• **Requirement**: Write out nothing except the lines of the entries below, from the first through the one containing "Cette ampoule Osram", exactly and without pictures.

• **Extracted information**:
*****

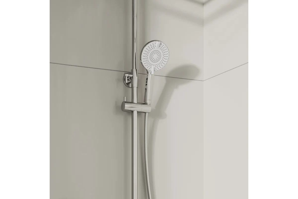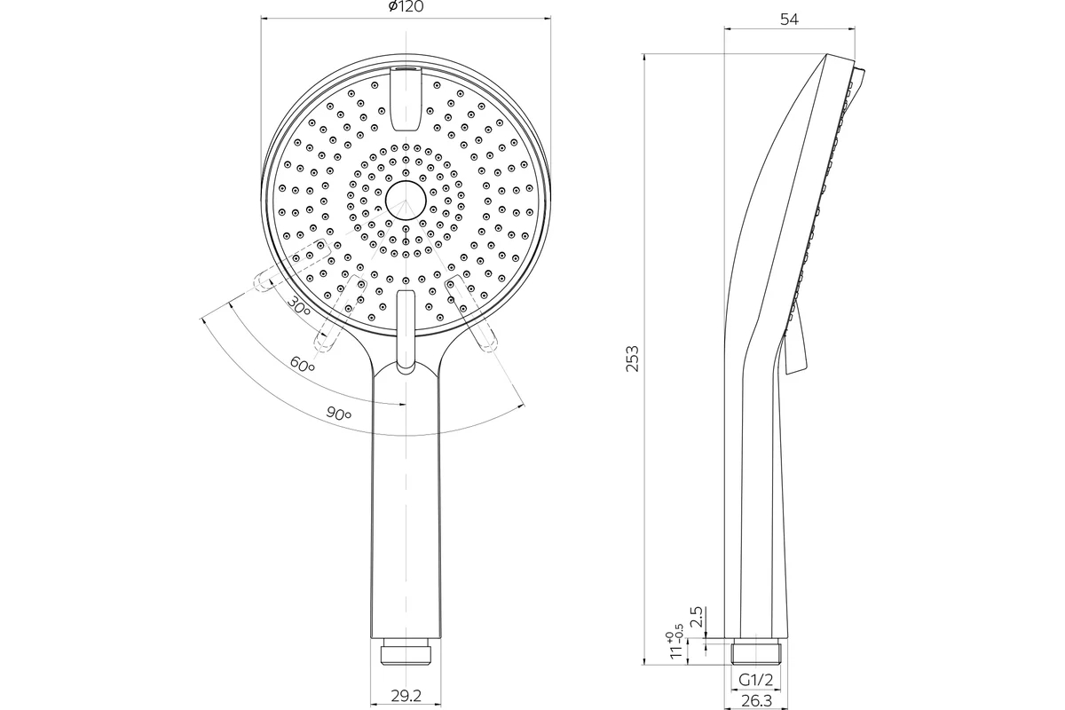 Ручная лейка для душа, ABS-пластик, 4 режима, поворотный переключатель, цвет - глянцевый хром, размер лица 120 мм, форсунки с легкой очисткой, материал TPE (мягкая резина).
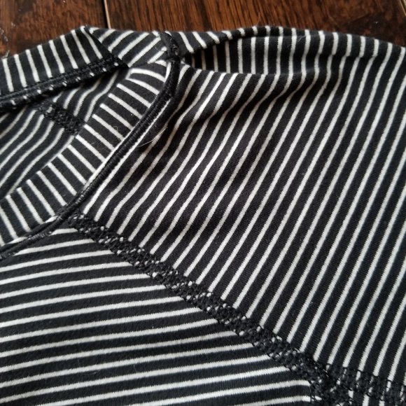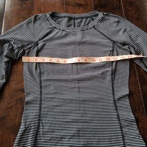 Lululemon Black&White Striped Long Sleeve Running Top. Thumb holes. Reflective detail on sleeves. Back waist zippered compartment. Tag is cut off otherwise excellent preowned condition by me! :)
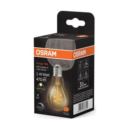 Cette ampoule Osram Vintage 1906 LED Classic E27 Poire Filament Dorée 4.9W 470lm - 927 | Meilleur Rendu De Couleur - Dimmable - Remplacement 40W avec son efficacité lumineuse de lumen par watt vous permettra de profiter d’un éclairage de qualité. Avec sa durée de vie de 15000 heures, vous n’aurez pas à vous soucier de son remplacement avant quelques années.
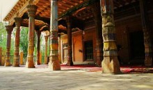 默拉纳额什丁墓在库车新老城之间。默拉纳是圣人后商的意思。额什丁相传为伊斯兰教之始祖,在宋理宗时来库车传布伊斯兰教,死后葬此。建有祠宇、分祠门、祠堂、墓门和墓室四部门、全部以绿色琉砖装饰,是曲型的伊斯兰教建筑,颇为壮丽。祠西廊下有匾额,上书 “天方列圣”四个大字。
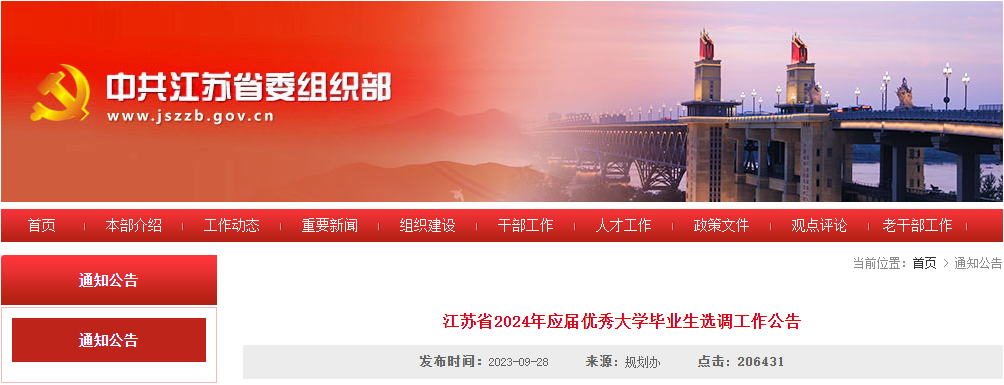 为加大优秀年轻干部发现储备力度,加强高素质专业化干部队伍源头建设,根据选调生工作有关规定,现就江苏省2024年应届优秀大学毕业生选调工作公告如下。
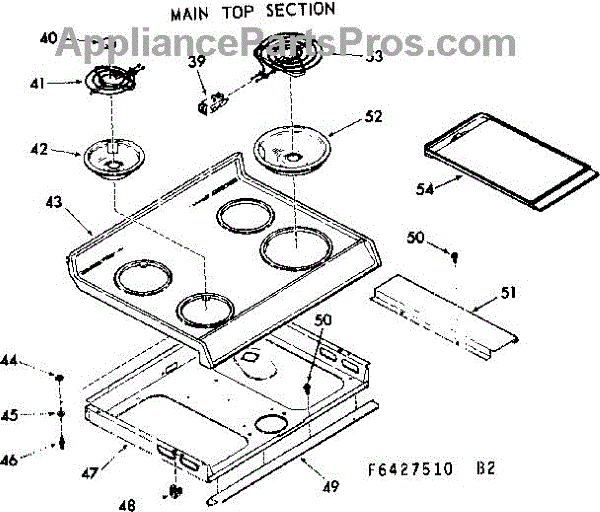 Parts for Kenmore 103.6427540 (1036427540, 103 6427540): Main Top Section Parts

*****

• **Answer for this exercise**:
 Ручная лейка для душа, ABS-пластик, 4 режима, поворотный переключатель, цвет - глянцевый хром, размер лица 120 мм, форсунки с легкой очисткой, материал TPE (мягкая резина).
 Lululemon Black&White Striped Long Sleeve Running Top. Thumb holes. Reflective detail on sleeves. Back waist zippered compartment. Tag is cut off otherwise excellent preowned condition by me! :)
 Cette ampoule Osram Vintage 1906 LED Classic E27 Poire Filament Dorée 4.9W 470lm - 927 | Meilleur Rendu De Couleur - Dimmable - Remplacement 40W avec son efficacité lumineuse de lumen par watt vous permettra de profiter d’un éclairage de qualité. Avec sa durée de vie de 15000 heures, vous n’aurez pas à vous soucier de son remplacement avant quelques années.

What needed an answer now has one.